RECORDS FOR THIS TASK
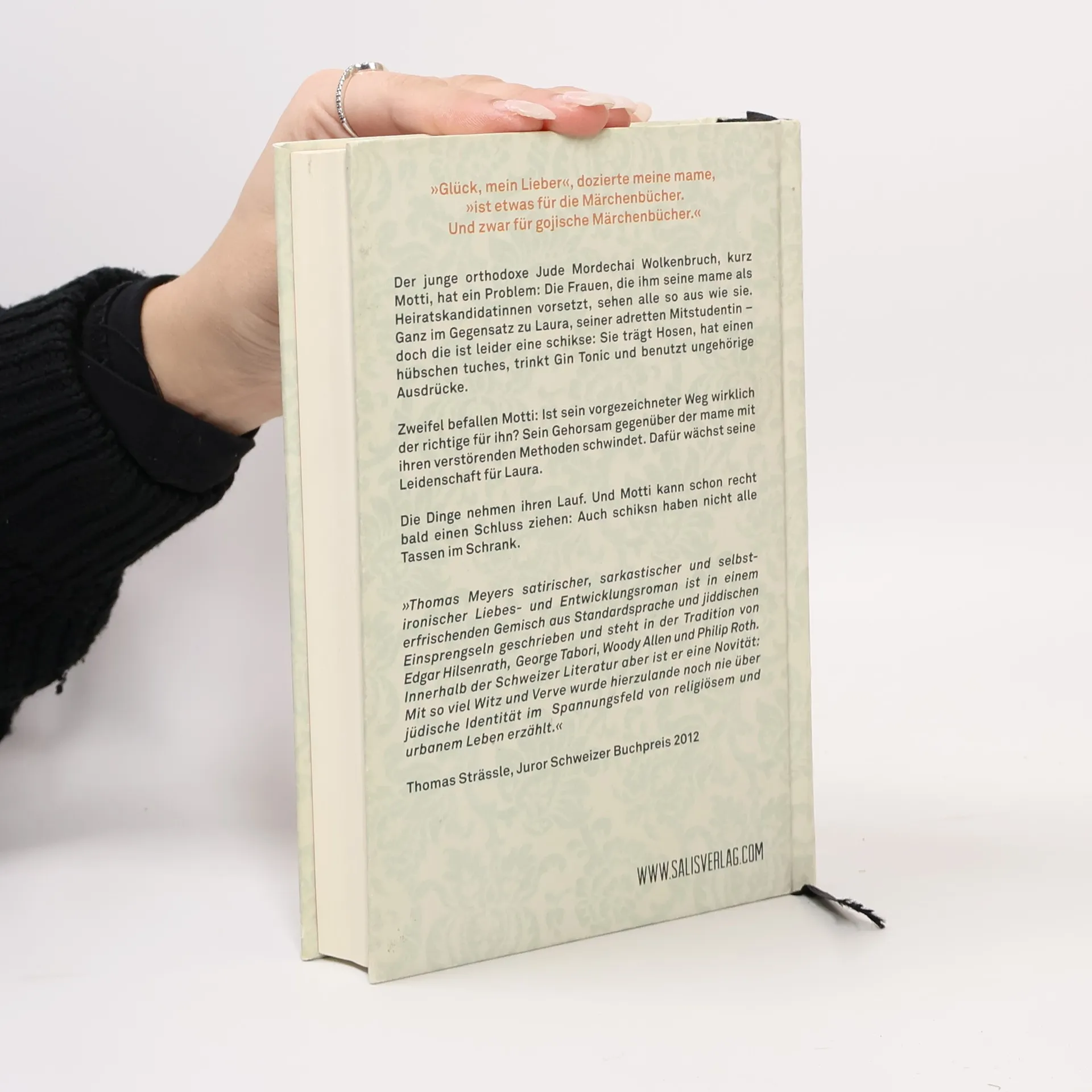 Motti Wolkenbruch lebt noch immer zu Hause, mit seiner geschwätzigen mame und seinem tate, der es seit längerem vorzieht zu schweigen und sich am liebsten hinter der aktuellen Ausgabe des „Tacheles“ versteckt. Die zufällige Begegnung mit einer hübschen Schickse wirft Mottis Leben aus der Bahn; ihm wird bewusst, dass er in seinen Kreisen kein Liebesglück finden wird. Und je mehr seine mame auf ihn einredet, umso stärker regt sich in ihm der Wunsch nach einem mamefreien Leben in den Armen ebendieser Schickse. Schritt für Schritt, manchen auch zurück, tritt Motti aus der orthodoxen Welt heraus in die säkulare, was auch grundlegende Veränderungen an seinem Äußeren mit sich bringt – der Bart kommt ab und die zu kurzen, schwarzen jüdischen Hosen machen modischen Jeans Platz. Mehr und mehr verwandelt sich Motti in einen typischen urbanen jungen Mann. Zwar ist er nun seine mame los, die ihn keines Blickes mehr würdigt, doch mehr Glück mit den Frauen hat er auch nicht. Jene, die er jetzt kennenlernt, haben wohl keinen dicken tuches, aber dafür nicht alle Tassen im Schrank. Thomas Meyers Roman führt auf unterhaltsame und kurzweilige Weise sozusagen vom orthodoxen A zum säkularen B, wobei sich an den Problemen mit den Frauen tendenziell bloß ändert, dass sie keine jüdischen Namen mehr tragen
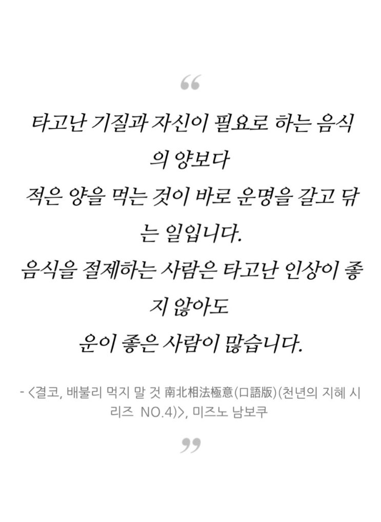 #절제 #미즈노 남보쿠 #성공 #행복 #음식 #결코, 배불리 먹지 말 것 #천년의 지혜 시리즈 생명이란 음식에 ...
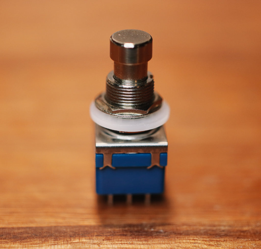 This is a latching 3-pole, double-throw switch that works well for guitar pedal effect pedals. This 9-pin switch can also be used to enable True Bypass i.e., to completely bypass the effect circuitry when your effect is turned off.
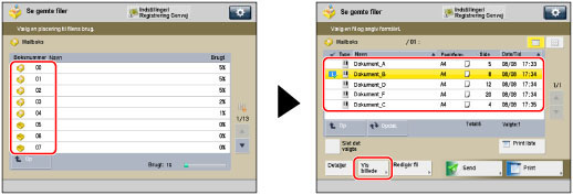 Vælg den ønskede mailboks → vælg den ønskede fil → tryk på [Vis billede].
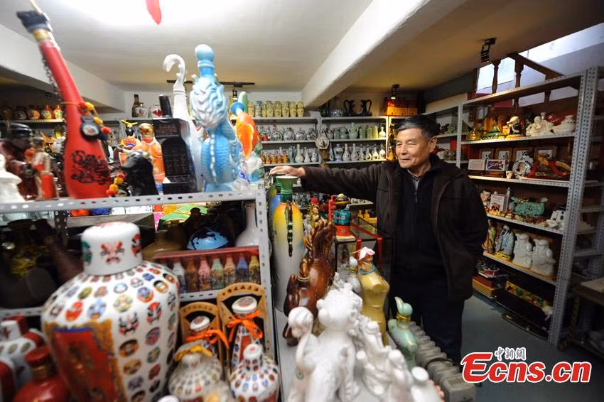 Để có được bộ sưu tập chai đựng rượu khổng lồ, ông Liu đã thu thập trong suốt hơn 30 năm qua.
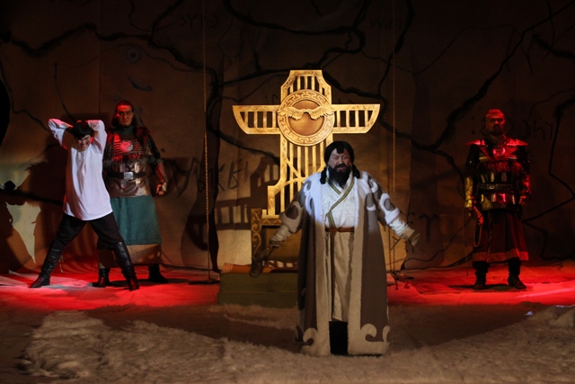 Т.Ахтанов театрының артистері спектакльді өз мүмкіндіктерінің шеңберінде алып шықты. Шыңғыс хан рөлінде Т.Ахтанов театрының ақсақалы, республикаға танымал актер Мағзом Бақытжанов, оның нөкері Қаһарды Есет Оразалин, Көріпкел әйелді ҚР мәдениет саласының үздігі, актриса Майгүл Мұзбаева, Гүрбелжіңді Әсел Құсайынова, тұтқын рөлін Нұрсұлтан Айтқалиевтар сомдады. Сахнаға алғаш рет Гүрбелжің сияқты жетекші рөлді әдемі алып шыққан жас актриса Әсел Құсайынованың аяқалысы көрермендер тарапынан қолдау тапты.
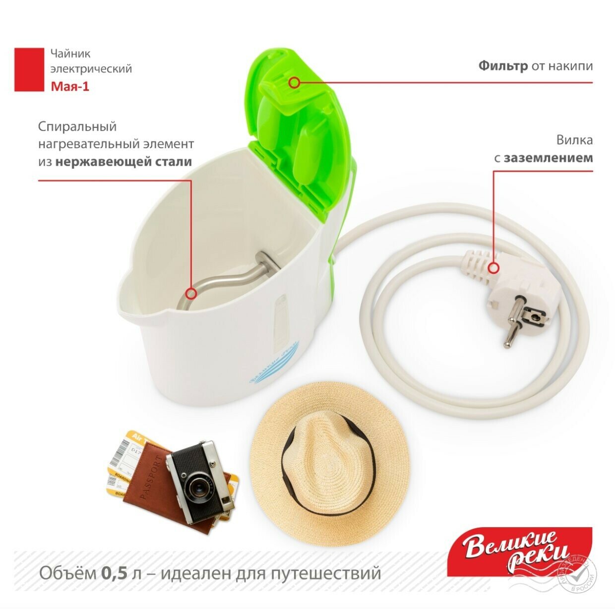 Чайник электрический Великие Реки Мая-1 белый, 0,5 л, пластик, 500 Вт .
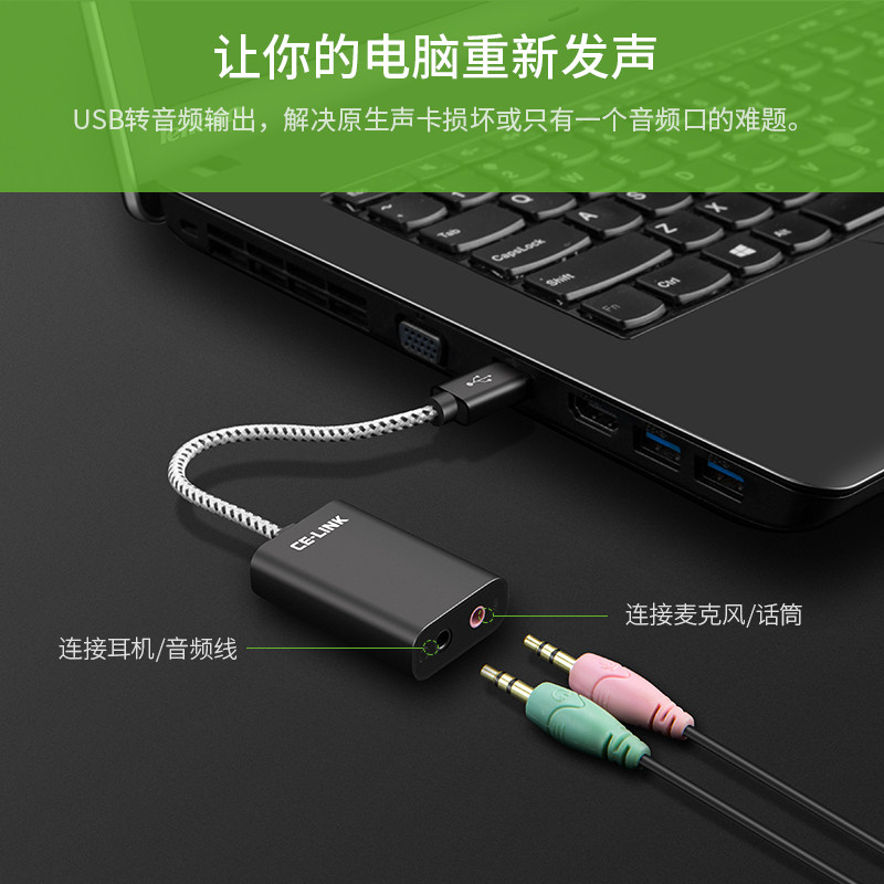 Celink USB внешняя звуковая карта без драйвера -ноутбука для ноутбука кабель Внешний независимый конвертер гарнитуры PS4 Микрофон микрофон Ешьте курицу Live Kicu Sound 3.5 Two -In -One

PROBLEM
What is needed is the data above, retyped exactly, with every picture left out.

YOUR RESPONSE
 Motti Wolkenbruch lebt noch immer zu Hause, mit seiner geschwätzigen mame und seinem tate, der es seit längerem vorzieht zu schweigen und sich am liebsten hinter der aktuellen Ausgabe des „Tacheles“ versteckt. Die zufällige Begegnung mit einer hübschen Schickse wirft Mottis Leben aus der Bahn; ihm wird bewusst, dass er in seinen Kreisen kein Liebesglück finden wird. Und je mehr seine mame auf ihn einredet, umso stärker regt sich in ihm der Wunsch nach einem mamefreien Leben in den Armen ebendieser Schickse. Schritt für Schritt, manchen auch zurück, tritt Motti aus der orthodoxen Welt heraus in die säkulare, was auch grundlegende Veränderungen an seinem Äußeren mit sich bringt – der Bart kommt ab und die zu kurzen, schwarzen jüdischen Hosen machen modischen Jeans Platz. Mehr und mehr verwandelt sich Motti in einen typischen urbanen jungen Mann. Zwar ist er nun seine mame los, die ihn keines Blickes mehr würdigt, doch mehr Glück mit den Frauen hat er auch nicht. Jene, die er jetzt kennenlernt, haben wohl keinen dicken tuches, aber dafür nicht alle Tassen im Schrank. Thomas Meyers Roman führt auf unterhaltsame und kurzweilige Weise sozusagen vom orthodoxen A zum säkularen B, wobei sich an den Problemen mit den Frauen tendenziell bloß ändert, dass sie keine jüdischen Namen mehr tragen
 #절제 #미즈노 남보쿠 #성공 #행복 #음식 #결코, 배불리 먹지 말 것 #천년의 지혜 시리즈 생명이란 음식에 ...
 This is a latching 3-pole, double-throw switch that works well for guitar pedal effect pedals. This 9-pin switch can also be used to enable True Bypass i.e., to completely bypass the effect circuitry when your effect is turned off.
 Vælg den ønskede mailboks → vælg den ønskede fil → tryk på [Vis billede].
 Để có được bộ sưu tập chai đựng rượu khổng lồ, ông Liu đã thu thập trong suốt hơn 30 năm qua.
 Т.Ахтанов театрының артистері спектакльді өз мүмкіндіктерінің шеңберінде алып шықты. Шыңғыс хан рөлінде Т.Ахтанов театрының ақсақалы, республикаға танымал актер Мағзом Бақытжанов, оның нөкері Қаһарды Есет Оразалин, Көріпкел әйелді ҚР мәдениет саласының үздігі, актриса Майгүл Мұзбаева, Гүрбелжіңді Әсел Құсайынова, тұтқын рөлін Нұрсұлтан Айтқалиевтар сомдады. Сахнаға алғаш рет Гүрбелжің сияқты жетекші рөлді әдемі алып шыққан жас актриса Әсел Құсайынованың аяқалысы көрермендер тарапынан қолдау тапты.
 Чайник электрический Великие Реки Мая-1 белый, 0,5 л, пластик, 500 Вт .
 Celink USB внешняя звуковая карта без драйвера -ноутбука для ноутбука кабель Внешний независимый конвертер гарнитуры PS4 Микрофон микрофон Ешьте курицу Live Kicu Sound 3.5 Two -In -One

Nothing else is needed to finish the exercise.